Everyone, nowadays is a photographer (just look at Instagram and/or Pinterest). The net is saturated with images and the timeline goes faster and faster. Getting an online platform up and running is (almost) free – a few Pounds to get a domain name – and you are ready to go.

In parallel, we have social media outlets which are as important as your house keys. Without them people are totally lost! A 21st century thing!

So, is the foodie trend a kind of little gang of wannabe journalists who take revenge by self-publishing their thoughts and attending all types of dinner-party involving an “award winning” ceremony?

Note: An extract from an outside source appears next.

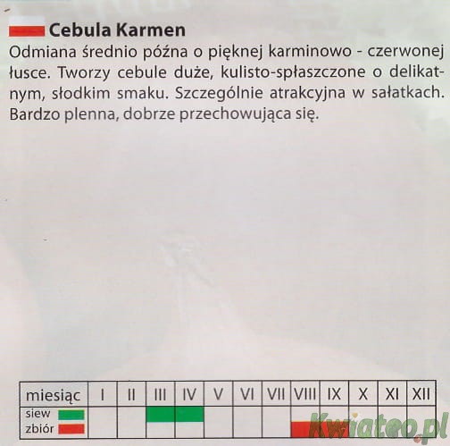 CEBULA 'Karmen' / 'Scarlet' czerwona nasiona do wysiewu

Bloggers are blossoming like never before. Visiting hotels, restaurants, coffee shops to tell people how it is, can be a good idea, of course. Meanwhile… being a reviewer is like everything when it comes to convey a message. It would be great if those reviews could emphasis on the actual products. Whether the client/guest is Mr Smith or Lord Mountbatten, the service will/should always remain the same. So, the foodie community should keep calm and not assume they will get an über treatment just because a few words will appear on the world wide web.

This means that if a food and beverage place knows its job, it doesn’t matter who is eating/drinking. The standard should always be the same…as everyone is a paying customer!